As alfarrobeiras bravas que se encontram no barrocal algarvio são arbustos e não árvores! Creio que a alfarrobeira nativa seria um arbusto confinado ao barrocal algarvio. A introdução da cultura da alfarrobeira na serra algarvia é historicamente recente contudo a sua cultura no litoral e no barrocal é antiquíssima, tem provavelmente milénios. A introdução das culturas de sequeiro na serra começou no século XIX. 

Contudo há alfarrobeiras cultivadas com um porte impressionante. As melhores alfarrobeiras estão no sotavento, mas muitas têm sido destruídas por causa da construção. Em Cacela havia uma alfarrobeira monumental com um tronco e copas impressionantes, que foi derrubada por causa de uma urbanização. Mas na freguesia ainda existem algumas árvores interessantes, para já a salvo. A maior figueira de Portugal está provavelmente em Cacela, e cresce dentro de uma antiga nora!

Hoje passei pelo barrocal a norte de Tavira e de Olhão e notei em que terrenos agrícolas abandonados há uma regeneração impressionante do azinhal! A azinheira foi a árvore dominante destas paragens, com núcleos de pinheiro-manso e de uma sub-espécie de carvalho-cerquinho.

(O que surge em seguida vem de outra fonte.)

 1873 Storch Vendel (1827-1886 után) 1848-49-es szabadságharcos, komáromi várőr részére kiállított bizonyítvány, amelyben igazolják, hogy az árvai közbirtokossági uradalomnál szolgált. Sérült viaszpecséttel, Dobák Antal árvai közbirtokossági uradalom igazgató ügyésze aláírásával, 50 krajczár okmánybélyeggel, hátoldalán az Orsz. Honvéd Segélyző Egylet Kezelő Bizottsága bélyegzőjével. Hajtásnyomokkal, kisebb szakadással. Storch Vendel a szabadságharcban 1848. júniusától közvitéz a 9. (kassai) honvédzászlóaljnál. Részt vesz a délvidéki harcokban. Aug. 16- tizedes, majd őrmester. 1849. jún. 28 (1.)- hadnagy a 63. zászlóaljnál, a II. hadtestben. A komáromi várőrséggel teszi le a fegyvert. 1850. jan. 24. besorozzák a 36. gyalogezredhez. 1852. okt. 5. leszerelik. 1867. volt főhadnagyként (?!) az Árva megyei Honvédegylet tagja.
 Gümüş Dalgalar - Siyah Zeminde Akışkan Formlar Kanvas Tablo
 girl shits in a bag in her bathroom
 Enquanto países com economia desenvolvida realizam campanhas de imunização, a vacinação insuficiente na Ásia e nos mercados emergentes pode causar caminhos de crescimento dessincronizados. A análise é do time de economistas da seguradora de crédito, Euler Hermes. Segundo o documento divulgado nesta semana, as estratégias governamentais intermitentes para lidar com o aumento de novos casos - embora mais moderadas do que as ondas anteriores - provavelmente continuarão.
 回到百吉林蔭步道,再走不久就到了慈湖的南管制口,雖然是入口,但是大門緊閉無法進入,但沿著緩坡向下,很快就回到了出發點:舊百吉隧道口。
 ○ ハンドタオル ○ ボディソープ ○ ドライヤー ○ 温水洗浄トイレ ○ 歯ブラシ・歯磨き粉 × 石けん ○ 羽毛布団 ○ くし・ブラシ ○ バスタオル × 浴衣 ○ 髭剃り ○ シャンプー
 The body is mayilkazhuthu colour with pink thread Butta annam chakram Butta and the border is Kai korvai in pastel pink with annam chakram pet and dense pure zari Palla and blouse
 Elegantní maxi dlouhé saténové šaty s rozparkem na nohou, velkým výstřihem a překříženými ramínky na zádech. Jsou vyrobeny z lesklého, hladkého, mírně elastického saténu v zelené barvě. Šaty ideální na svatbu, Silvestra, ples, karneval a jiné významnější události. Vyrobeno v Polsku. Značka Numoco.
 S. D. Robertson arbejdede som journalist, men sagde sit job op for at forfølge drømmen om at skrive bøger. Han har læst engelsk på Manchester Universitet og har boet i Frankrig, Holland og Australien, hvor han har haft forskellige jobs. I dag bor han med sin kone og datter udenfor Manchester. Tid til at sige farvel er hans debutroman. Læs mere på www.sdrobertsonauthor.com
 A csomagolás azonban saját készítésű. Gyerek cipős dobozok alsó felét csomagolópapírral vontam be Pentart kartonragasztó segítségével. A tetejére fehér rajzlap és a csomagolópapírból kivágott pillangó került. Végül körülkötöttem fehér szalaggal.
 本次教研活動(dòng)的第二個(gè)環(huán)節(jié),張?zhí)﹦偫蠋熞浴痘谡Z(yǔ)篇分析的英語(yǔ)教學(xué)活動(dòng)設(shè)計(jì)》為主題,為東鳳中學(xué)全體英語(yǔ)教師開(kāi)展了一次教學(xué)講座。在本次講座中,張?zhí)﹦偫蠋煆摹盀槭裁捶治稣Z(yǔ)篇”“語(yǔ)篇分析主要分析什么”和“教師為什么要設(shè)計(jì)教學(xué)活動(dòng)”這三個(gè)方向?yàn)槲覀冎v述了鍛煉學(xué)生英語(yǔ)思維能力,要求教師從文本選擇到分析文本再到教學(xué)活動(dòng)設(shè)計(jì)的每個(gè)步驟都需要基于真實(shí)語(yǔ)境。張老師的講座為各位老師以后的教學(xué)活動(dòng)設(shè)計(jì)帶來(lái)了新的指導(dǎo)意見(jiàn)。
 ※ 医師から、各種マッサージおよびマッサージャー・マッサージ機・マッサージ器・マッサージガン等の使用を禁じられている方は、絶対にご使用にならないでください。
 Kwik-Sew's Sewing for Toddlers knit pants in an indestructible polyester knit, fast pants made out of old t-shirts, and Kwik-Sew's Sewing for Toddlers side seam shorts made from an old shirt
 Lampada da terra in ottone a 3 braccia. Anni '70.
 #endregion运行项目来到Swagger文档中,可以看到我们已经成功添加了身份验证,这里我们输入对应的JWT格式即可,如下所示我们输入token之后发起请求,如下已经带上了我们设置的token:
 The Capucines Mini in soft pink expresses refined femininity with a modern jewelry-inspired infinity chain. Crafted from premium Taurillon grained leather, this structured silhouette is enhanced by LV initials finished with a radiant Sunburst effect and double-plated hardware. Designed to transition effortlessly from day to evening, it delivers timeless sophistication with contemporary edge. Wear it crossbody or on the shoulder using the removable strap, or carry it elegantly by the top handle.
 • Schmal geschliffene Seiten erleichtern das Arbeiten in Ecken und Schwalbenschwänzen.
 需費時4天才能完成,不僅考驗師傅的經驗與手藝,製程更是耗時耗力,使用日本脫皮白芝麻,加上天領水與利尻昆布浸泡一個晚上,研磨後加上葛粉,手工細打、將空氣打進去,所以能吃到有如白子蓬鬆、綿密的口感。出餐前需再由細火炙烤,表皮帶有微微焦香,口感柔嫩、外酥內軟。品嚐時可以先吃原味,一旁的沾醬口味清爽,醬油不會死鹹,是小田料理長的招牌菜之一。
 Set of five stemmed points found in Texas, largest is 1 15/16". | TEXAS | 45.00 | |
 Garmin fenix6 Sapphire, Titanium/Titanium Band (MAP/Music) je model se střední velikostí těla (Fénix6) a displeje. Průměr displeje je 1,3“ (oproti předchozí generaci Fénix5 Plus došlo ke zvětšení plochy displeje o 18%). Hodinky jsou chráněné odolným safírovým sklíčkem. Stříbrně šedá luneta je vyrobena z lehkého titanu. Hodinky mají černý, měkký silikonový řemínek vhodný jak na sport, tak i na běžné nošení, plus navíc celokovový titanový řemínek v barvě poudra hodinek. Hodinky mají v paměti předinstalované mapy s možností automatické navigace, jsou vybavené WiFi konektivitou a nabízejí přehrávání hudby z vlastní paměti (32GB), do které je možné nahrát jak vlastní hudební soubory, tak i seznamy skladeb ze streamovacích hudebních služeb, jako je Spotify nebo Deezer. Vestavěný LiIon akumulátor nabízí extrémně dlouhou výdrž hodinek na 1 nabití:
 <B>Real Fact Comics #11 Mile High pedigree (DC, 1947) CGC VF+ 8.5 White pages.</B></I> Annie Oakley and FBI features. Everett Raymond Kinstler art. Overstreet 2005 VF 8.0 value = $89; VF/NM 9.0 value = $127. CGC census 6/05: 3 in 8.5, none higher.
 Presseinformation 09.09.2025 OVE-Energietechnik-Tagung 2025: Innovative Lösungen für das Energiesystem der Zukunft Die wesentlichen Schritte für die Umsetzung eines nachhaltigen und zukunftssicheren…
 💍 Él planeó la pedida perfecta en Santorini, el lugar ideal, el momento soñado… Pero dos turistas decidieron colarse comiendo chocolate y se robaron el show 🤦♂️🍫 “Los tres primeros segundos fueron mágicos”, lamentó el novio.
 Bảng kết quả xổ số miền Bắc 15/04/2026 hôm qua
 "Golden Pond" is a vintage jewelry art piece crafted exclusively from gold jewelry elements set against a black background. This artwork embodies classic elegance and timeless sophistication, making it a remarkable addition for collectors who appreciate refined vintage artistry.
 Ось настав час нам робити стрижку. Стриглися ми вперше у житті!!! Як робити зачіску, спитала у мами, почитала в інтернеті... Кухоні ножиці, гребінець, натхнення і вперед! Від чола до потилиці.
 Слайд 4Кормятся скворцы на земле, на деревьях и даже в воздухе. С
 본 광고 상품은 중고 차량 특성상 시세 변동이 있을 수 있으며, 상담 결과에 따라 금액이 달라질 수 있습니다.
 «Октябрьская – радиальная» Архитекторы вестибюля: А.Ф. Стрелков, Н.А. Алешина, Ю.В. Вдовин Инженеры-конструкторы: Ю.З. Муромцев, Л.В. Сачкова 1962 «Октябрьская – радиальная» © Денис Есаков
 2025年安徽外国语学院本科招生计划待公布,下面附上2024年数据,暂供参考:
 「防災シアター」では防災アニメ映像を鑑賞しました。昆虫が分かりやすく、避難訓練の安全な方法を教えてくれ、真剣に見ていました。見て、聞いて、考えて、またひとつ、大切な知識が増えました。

Os arbustos dominantes seriam a murta, a alfarrobeira ou o zambujeiro. Lamentavelmente em muitas áreas a árvores de sequeiro estão nitidamente a morrer, as culturas da moda são a laranjeira e as estufas de frutos vermelhos.


----------



## frederico (13 Ago 2014 às 19:00)

Agreste disse:


> tudo se resume a um problema de propriedade... sendo pequena não é rentável, o português é avesso ao associativismo, à cooperativa. Logo, o abandono é o destino final.



Nem há mercado fundiário. Os herdeiros não se entendem, então as heranças estão ao abandono décadas. Se vendem, quero pelas terras um valor exorbitante. As terras agrícolas são vendidas ao preço de terras urbanas e as terras agrícolas pequenas ao preço de um lote de construção!


----------